With software RAID-5, any controller that works with your host bus (PCI) and HDD bus (ATA, SATA, or SCSI) will do just fine.
Most onboard (intel) RAID controllers are only setup for 0,1,0+1, or 10. And not RAID 5. I don't see how it could possibly be correlated to the CPU.
That's because you can do RAID 0, 1 or any combination of 0 and 1 without needing parity data. The performance killer on RAID 5 (and any other form of RAID that requires parity) is in the XOR operations used to compute and verify the parity information. In order for RAID 5 to perform at a satisfactory rate and not totally bog down your CPU, the XOR calculations should be handled on a dedicated hardware controller, not in software.
However, for non-parity RAID setups the amount of CPU overhead is almost trivial, so referring to "fake RAID" or "software RAID" with the integrated RAID controllers on most motherboards is a misnomer.
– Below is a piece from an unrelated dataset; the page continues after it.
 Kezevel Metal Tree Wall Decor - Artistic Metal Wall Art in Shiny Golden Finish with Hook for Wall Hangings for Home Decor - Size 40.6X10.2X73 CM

That being said, at least one of these articles is talking about servers using third-party RAID controllers.
It's almost a certainty that this is a software problem of some sort. Driver bugs are the most common source of "hardware" instability, particularly on Windows. Drivers are often written by clueless intern-level engineers, and quickly forgotten once the drivers initially pass based Windows hardware quality tests.
Oh wait, they did. Not only did they say so a long time ago, they publish documentation and maintain a compiler to help you optimize for the way their processors work.
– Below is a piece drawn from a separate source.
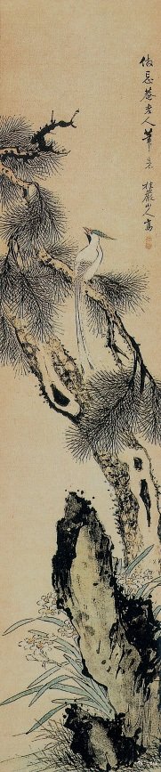 <仿王武老松小鹰图> 清 张宁 纸本水墨 纵133 X横27厘米 (日)私人藏

I rarely criticize things I don't care about.
1. You use xor to do *exclusive-or*
2. Talking about faster in context of 16-bit 0x66 prefixed instructions is hilarious
3. No, it is not "faster", it just doesn't need the constant so it encodes the instruction into smaller space, however, that doesn't say anything about being faster. You really need to know the x86 implementation and the relevant details, how it decodes into microcode, is there tracecache, is there instruction macrofusion and so on.
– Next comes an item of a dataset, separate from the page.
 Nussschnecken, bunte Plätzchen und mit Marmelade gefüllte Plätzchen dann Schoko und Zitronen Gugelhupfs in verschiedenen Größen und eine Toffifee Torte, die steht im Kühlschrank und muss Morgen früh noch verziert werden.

4. xor reg,reg would be relevant in 1990's
5. Decoder bandwidth is not an issue unless the code is generated on-fly and most of the code being executed is 'new' (which doesn't happen very often in binaries which are generated offline)
6. Wow.
Users who should be using RAID 5 should also have dedicated controllers.
Unsupported assertion.
Here's mine: "People who are self-described social conservatives should be beat with bricks."
I like mine better.
The fact is that my friend, who knows more about RAID than everyone else reading this (if you tie his knowledge you are very, very good) told me that RAID 5 in software doesn't take that much CPU and hardware RAID is pointless for me in my NAS.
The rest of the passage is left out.